● **INPUT FOR THIS TASK**:
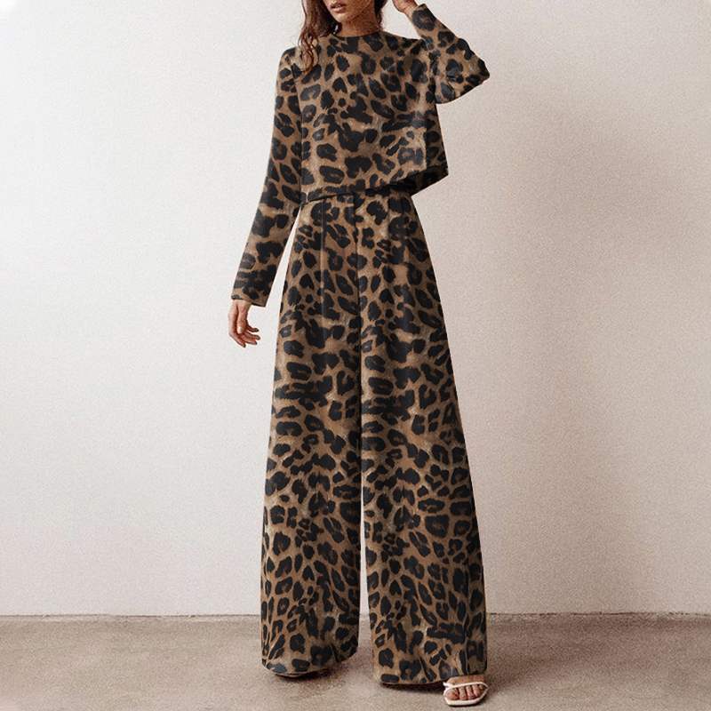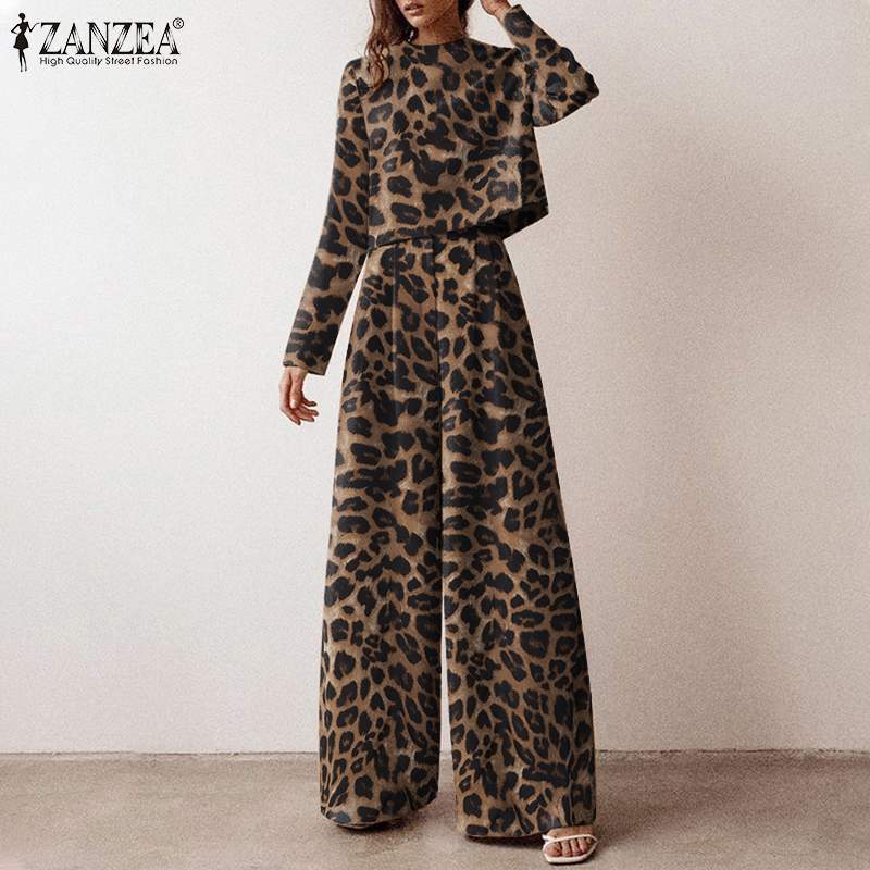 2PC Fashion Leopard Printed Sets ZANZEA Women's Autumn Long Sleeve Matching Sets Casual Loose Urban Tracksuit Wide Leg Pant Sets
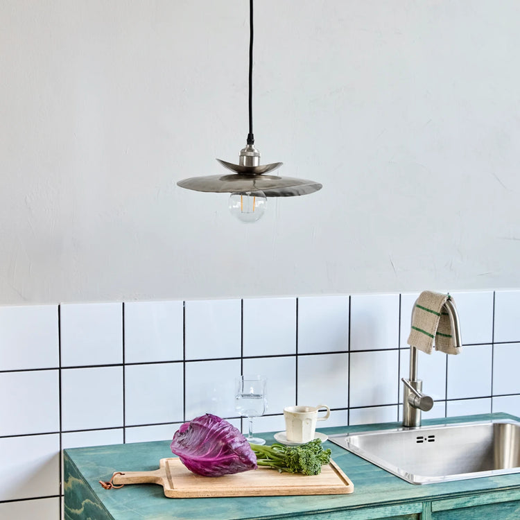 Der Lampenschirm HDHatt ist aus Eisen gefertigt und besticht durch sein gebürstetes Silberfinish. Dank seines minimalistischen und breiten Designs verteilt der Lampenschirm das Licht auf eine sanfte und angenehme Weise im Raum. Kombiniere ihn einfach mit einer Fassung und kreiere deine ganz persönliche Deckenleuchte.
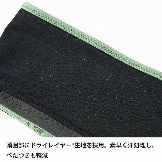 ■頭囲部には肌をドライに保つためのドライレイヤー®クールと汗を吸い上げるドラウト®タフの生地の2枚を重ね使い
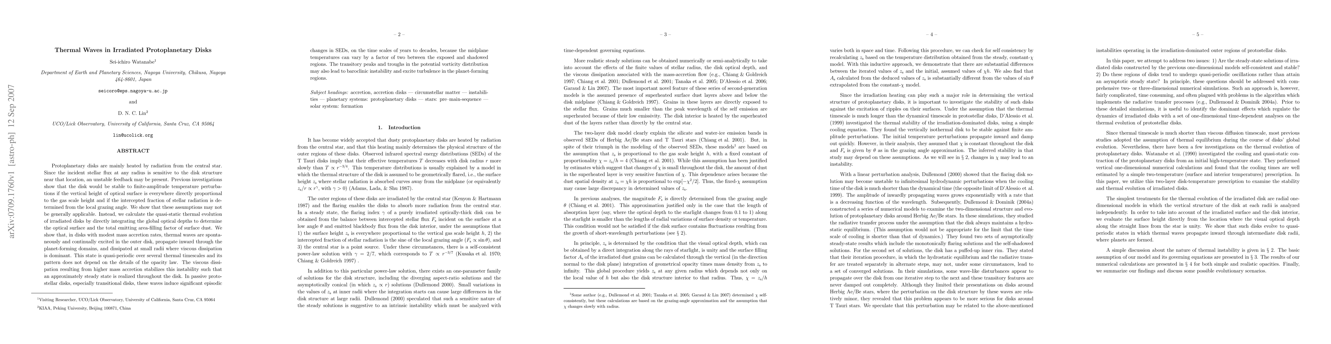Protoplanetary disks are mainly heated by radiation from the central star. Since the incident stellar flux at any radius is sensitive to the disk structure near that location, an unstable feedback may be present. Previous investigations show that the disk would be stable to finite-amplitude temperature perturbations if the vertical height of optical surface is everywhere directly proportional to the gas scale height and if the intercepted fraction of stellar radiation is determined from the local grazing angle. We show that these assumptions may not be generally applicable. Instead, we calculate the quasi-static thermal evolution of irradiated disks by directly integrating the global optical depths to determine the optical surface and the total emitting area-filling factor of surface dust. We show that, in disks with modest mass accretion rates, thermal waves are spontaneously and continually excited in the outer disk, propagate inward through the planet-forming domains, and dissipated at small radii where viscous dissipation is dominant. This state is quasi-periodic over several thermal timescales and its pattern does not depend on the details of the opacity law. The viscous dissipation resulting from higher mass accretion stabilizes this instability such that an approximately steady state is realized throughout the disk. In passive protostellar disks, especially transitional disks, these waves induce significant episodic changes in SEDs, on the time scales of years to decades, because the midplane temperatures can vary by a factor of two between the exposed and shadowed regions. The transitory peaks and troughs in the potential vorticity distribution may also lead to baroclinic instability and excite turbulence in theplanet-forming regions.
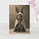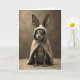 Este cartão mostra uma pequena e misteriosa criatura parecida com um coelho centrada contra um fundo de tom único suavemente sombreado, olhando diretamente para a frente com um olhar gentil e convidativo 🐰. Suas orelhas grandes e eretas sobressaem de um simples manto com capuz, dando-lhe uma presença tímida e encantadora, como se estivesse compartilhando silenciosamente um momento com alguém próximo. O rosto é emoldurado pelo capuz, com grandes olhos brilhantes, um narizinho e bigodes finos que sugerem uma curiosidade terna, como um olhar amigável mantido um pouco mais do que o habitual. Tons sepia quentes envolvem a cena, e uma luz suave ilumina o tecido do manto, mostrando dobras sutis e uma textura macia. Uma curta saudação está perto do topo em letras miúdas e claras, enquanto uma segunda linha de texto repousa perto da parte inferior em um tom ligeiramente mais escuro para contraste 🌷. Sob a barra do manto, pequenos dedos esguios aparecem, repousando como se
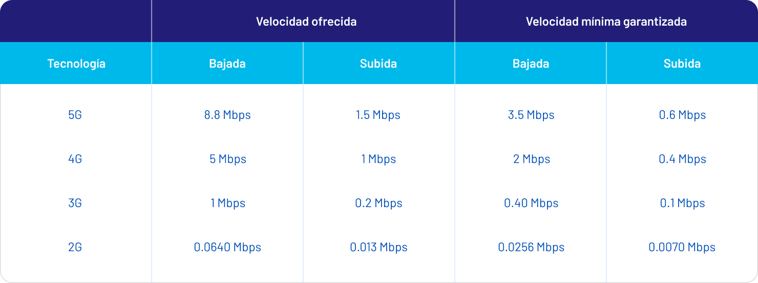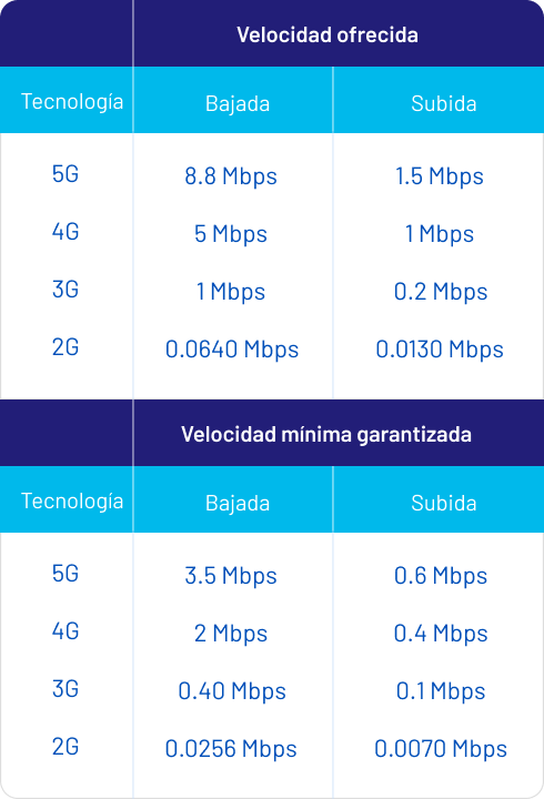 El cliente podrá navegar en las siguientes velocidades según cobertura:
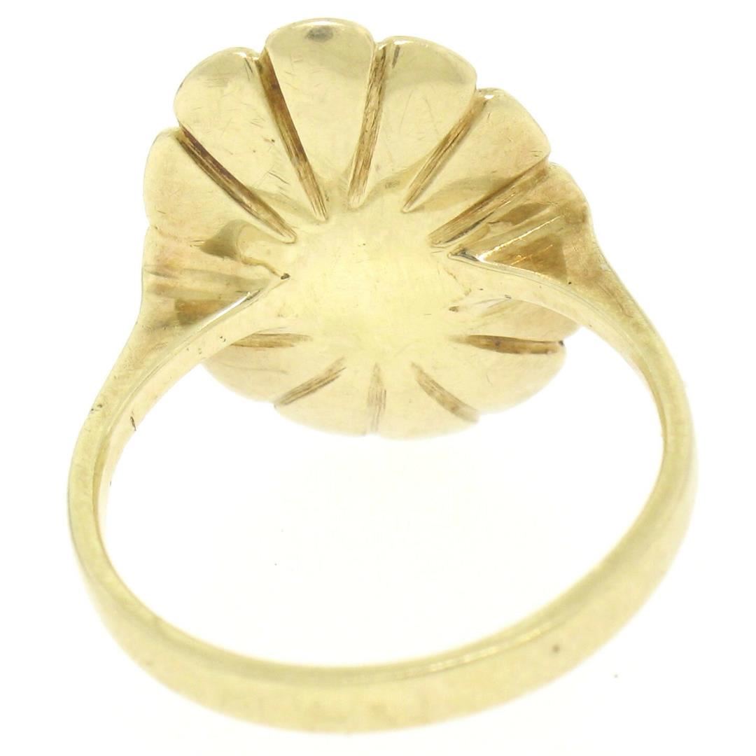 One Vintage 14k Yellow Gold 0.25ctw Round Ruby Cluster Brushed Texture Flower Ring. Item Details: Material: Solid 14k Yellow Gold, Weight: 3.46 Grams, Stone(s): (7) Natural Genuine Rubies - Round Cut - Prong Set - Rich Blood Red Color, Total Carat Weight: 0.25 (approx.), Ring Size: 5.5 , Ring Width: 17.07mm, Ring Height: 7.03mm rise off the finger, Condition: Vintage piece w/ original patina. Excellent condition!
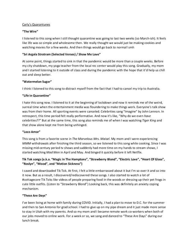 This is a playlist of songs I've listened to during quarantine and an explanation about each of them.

● **EXERCISE OBJECTIVE**:
If a record holds a picture, leave that picture out; retype everything else exactly.

● **REPLY**:
 2PC Fashion Leopard Printed Sets ZANZEA Women's Autumn Long Sleeve Matching Sets Casual Loose Urban Tracksuit Wide Leg Pant Sets
 Der Lampenschirm HDHatt ist aus Eisen gefertigt und besticht durch sein gebürstetes Silberfinish. Dank seines minimalistischen und breiten Designs verteilt der Lampenschirm das Licht auf eine sanfte und angenehme Weise im Raum. Kombiniere ihn einfach mit einer Fassung und kreiere deine ganz persönliche Deckenleuchte.
 ■頭囲部には肌をドライに保つためのドライレイヤー®クールと汗を吸い上げるドラウト®タフの生地の2枚を重ね使い
Protoplanetary disks are mainly heated by radiation from the central star. Since the incident stellar flux at any radius is sensitive to the disk structure near that location, an unstable feedback may be present. Previous investigations show that the disk would be stable to finite-amplitude temperature perturbations if the vertical height of optical surface is everywhere directly proportional to the gas scale height and if the intercepted fraction of stellar radiation is determined from the local grazing angle. We show that these assumptions may not be generally applicable. Instead, we calculate the quasi-static thermal evolution of irradiated disks by directly integrating the global optical depths to determine the optical surface and the total emitting area-filling factor of surface dust. We show that, in disks with modest mass accretion rates, thermal waves are spontaneously and continually excited in the outer disk, propagate inward through the planet-forming domains, and dissipated at small radii where viscous dissipation is dominant. This state is quasi-periodic over several thermal timescales and its pattern does not depend on the details of the opacity law. The viscous dissipation resulting from higher mass accretion stabilizes this instability such that an approximately steady state is realized throughout the disk. In passive protostellar disks, especially transitional disks, these waves induce significant episodic changes in SEDs, on the time scales of years to decades, because the midplane temperatures can vary by a factor of two between the exposed and shadowed regions. The transitory peaks and troughs in the potential vorticity distribution may also lead to baroclinic instability and excite turbulence in theplanet-forming regions.
 Este cartão mostra uma pequena e misteriosa criatura parecida com um coelho centrada contra um fundo de tom único suavemente sombreado, olhando diretamente para a frente com um olhar gentil e convidativo 🐰. Suas orelhas grandes e eretas sobressaem de um simples manto com capuz, dando-lhe uma presença tímida e encantadora, como se estivesse compartilhando silenciosamente um momento com alguém próximo. O rosto é emoldurado pelo capuz, com grandes olhos brilhantes, um narizinho e bigodes finos que sugerem uma curiosidade terna, como um olhar amigável mantido um pouco mais do que o habitual. Tons sepia quentes envolvem a cena, e uma luz suave ilumina o tecido do manto, mostrando dobras sutis e uma textura macia. Uma curta saudação está perto do topo em letras miúdas e claras, enquanto uma segunda linha de texto repousa perto da parte inferior em um tom ligeiramente mais escuro para contraste 🌷. Sob a barra do manto, pequenos dedos esguios aparecem, repousando como se
 El cliente podrá navegar en las siguientes velocidades según cobertura:
 One Vintage 14k Yellow Gold 0.25ctw Round Ruby Cluster Brushed Texture Flower Ring. Item Details: Material: Solid 14k Yellow Gold, Weight: 3.46 Grams, Stone(s): (7) Natural Genuine Rubies - Round Cut - Prong Set - Rich Blood Red Color, Total Carat Weight: 0.25 (approx.), Ring Size: 5.5 , Ring Width: 17.07mm, Ring Height: 7.03mm rise off the finger, Condition: Vintage piece w/ original patina. Excellent condition!
 This is a playlist of songs I've listened to during quarantine and an explanation about each of them.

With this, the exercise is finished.